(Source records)
##############################

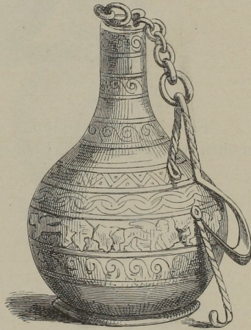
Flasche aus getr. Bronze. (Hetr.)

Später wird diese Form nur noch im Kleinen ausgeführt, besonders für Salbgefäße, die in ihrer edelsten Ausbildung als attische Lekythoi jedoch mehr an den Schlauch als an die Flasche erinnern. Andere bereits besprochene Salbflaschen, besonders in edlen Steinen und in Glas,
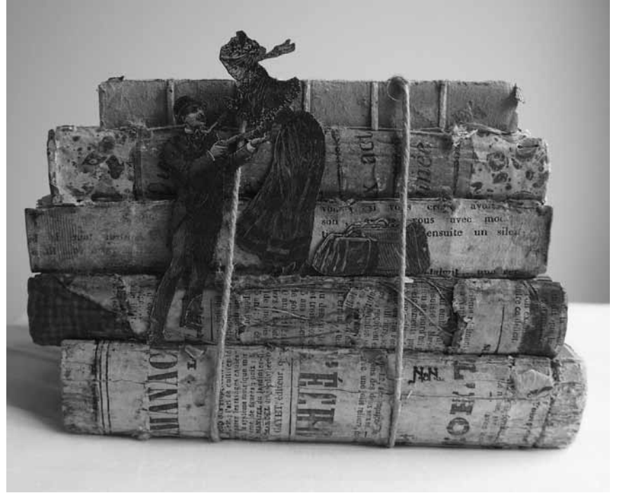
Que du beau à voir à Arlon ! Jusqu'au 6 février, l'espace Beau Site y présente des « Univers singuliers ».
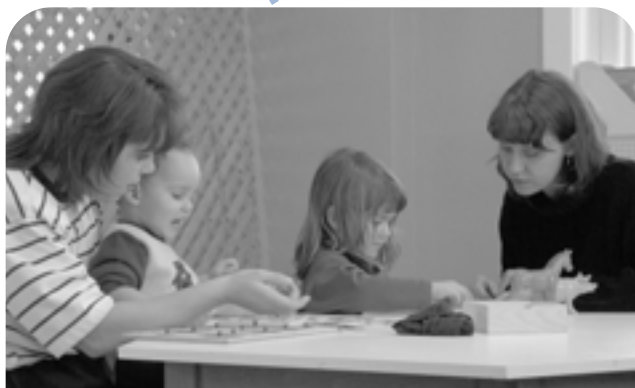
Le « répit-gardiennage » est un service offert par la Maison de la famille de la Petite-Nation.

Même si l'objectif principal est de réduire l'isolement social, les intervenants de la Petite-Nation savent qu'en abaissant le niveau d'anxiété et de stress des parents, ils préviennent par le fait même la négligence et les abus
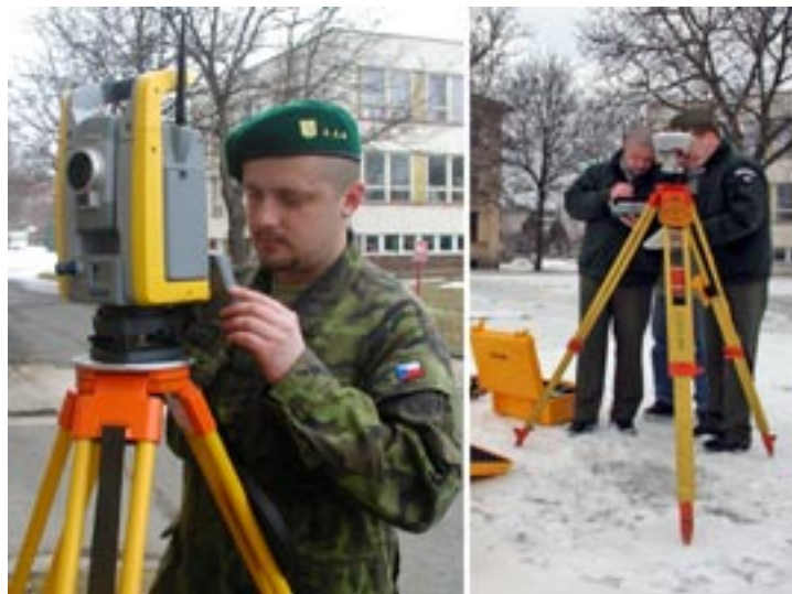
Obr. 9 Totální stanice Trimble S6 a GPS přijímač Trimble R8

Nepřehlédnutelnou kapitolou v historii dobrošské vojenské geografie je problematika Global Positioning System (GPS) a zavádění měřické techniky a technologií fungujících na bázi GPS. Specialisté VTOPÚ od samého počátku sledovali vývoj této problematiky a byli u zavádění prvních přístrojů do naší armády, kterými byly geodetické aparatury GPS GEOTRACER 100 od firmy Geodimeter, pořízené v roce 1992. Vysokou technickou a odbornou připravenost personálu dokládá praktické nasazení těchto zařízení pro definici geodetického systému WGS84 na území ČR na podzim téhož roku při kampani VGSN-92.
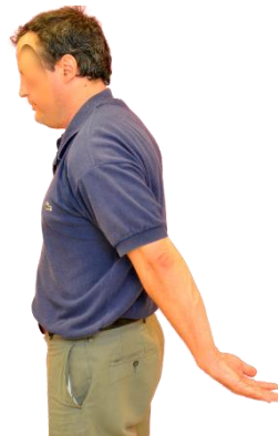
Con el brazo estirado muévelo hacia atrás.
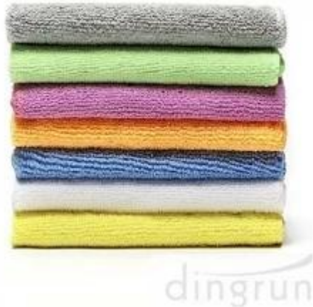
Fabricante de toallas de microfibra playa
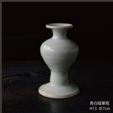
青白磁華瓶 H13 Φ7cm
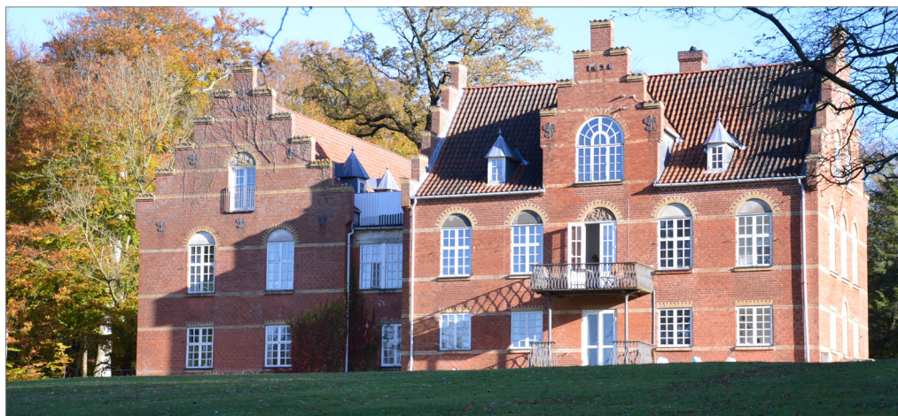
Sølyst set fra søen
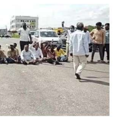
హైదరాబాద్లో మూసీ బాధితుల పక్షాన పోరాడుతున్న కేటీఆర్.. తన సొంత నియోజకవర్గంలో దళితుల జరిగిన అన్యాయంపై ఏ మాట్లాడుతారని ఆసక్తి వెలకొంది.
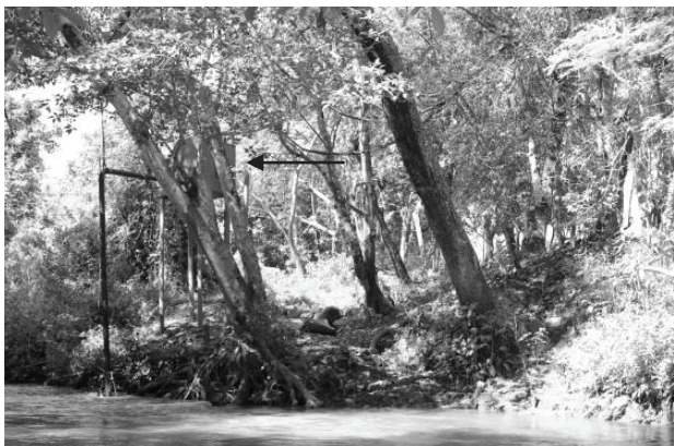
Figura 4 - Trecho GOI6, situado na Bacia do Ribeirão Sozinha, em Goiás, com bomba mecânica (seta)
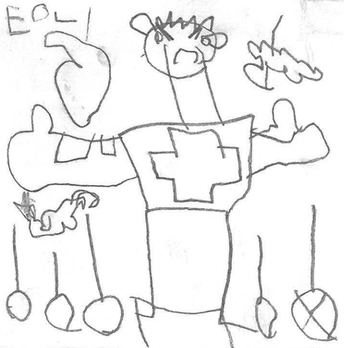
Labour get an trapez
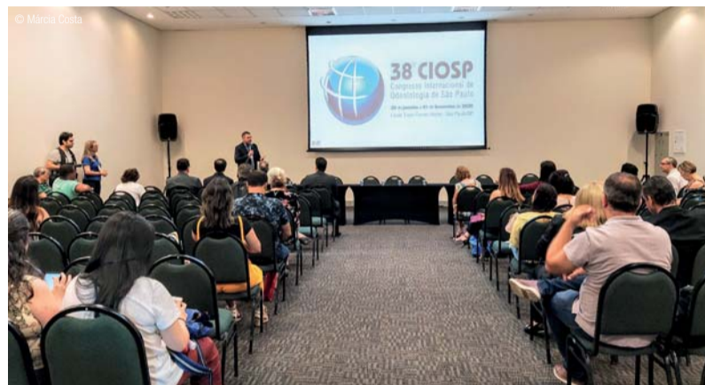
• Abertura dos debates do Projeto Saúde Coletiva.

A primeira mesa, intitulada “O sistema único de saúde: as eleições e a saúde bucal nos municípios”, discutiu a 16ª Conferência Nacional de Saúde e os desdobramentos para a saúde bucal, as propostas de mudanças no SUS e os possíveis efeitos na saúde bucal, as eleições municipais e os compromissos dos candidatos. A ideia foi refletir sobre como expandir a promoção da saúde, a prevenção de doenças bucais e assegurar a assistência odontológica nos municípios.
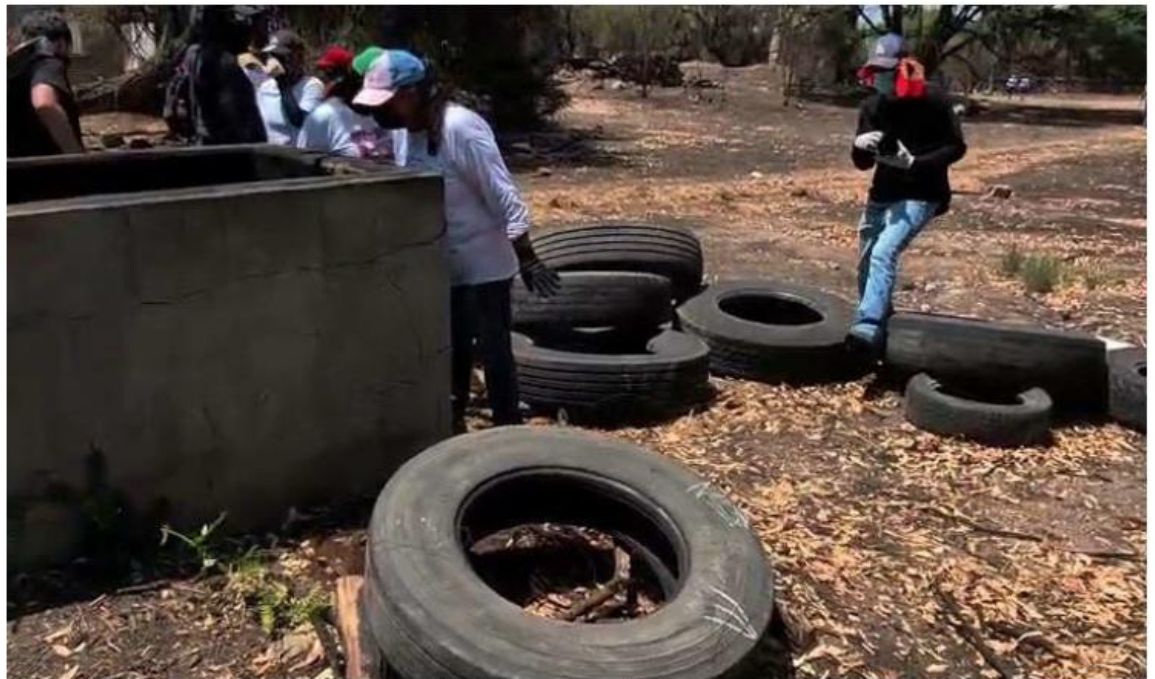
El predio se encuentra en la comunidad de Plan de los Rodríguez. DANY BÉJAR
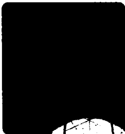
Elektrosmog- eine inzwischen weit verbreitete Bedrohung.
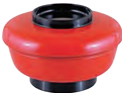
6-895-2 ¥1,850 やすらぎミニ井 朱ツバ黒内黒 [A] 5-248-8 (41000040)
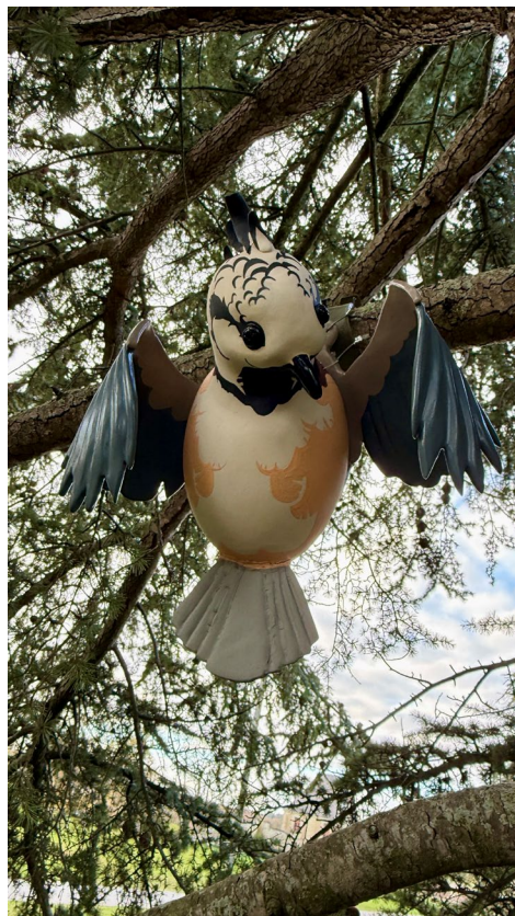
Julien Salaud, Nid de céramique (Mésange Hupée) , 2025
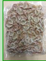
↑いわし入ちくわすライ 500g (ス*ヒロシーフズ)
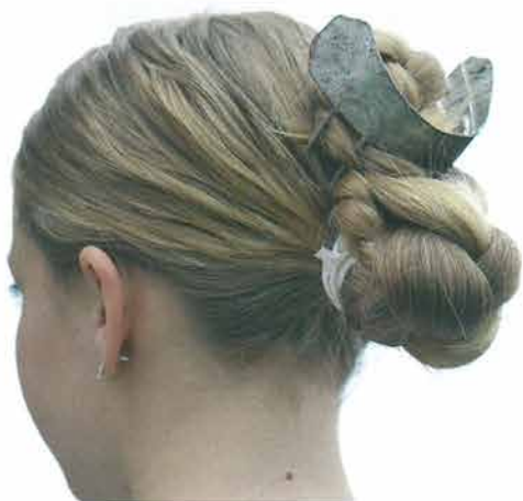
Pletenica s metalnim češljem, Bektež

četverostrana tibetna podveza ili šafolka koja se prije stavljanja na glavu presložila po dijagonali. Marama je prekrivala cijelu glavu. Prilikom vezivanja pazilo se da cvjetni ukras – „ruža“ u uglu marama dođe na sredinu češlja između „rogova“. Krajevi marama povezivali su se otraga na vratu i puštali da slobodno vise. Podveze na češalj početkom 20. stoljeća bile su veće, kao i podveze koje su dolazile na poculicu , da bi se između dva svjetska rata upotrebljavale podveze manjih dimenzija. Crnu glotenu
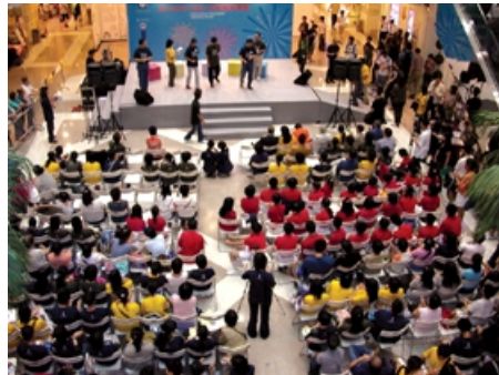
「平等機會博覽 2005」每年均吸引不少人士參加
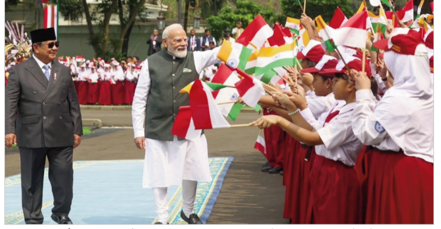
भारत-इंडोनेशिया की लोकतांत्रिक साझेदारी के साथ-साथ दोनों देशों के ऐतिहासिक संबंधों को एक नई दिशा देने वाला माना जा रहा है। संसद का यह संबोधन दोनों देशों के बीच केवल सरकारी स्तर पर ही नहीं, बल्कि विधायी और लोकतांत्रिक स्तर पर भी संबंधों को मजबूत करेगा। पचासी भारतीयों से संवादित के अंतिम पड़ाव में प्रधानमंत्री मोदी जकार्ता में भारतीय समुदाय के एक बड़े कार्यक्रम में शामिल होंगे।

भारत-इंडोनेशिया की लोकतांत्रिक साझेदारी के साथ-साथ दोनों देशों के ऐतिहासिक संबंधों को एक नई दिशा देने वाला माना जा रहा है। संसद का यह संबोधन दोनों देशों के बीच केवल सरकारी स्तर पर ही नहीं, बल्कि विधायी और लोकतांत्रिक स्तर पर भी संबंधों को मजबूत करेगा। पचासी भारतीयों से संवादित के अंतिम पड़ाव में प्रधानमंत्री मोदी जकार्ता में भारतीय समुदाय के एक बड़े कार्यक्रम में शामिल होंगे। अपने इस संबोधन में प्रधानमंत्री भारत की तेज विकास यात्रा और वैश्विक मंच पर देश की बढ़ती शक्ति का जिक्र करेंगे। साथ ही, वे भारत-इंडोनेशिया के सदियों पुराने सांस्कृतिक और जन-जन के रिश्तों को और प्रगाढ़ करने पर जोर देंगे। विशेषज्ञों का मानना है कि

##############################

Return the lines above from the one with "青白磁華瓶 H13 Φ7cm" through the one with "Projeto Saúde Coletiva.", verbatim and nothing else. Omit every picture.

青白磁華瓶 H13 Φ7cm
Sølyst set fra søen
హైదరాబాద్లో మూసీ బాధితుల పక్షాన పోరాడుతున్న కేటీఆర్.. తన సొంత నియోజకవర్గంలో దళితుల జరిగిన అన్యాయంపై ఏ మాట్లాడుతారని ఆసక్తి వెలకొంది.
Figura 4 - Trecho GOI6, situado na Bacia do Ribeirão Sozinha, em Goiás, com bomba mecânica (seta)
Labour get an trapez
• Abertura dos debates do Projeto Saúde Coletiva.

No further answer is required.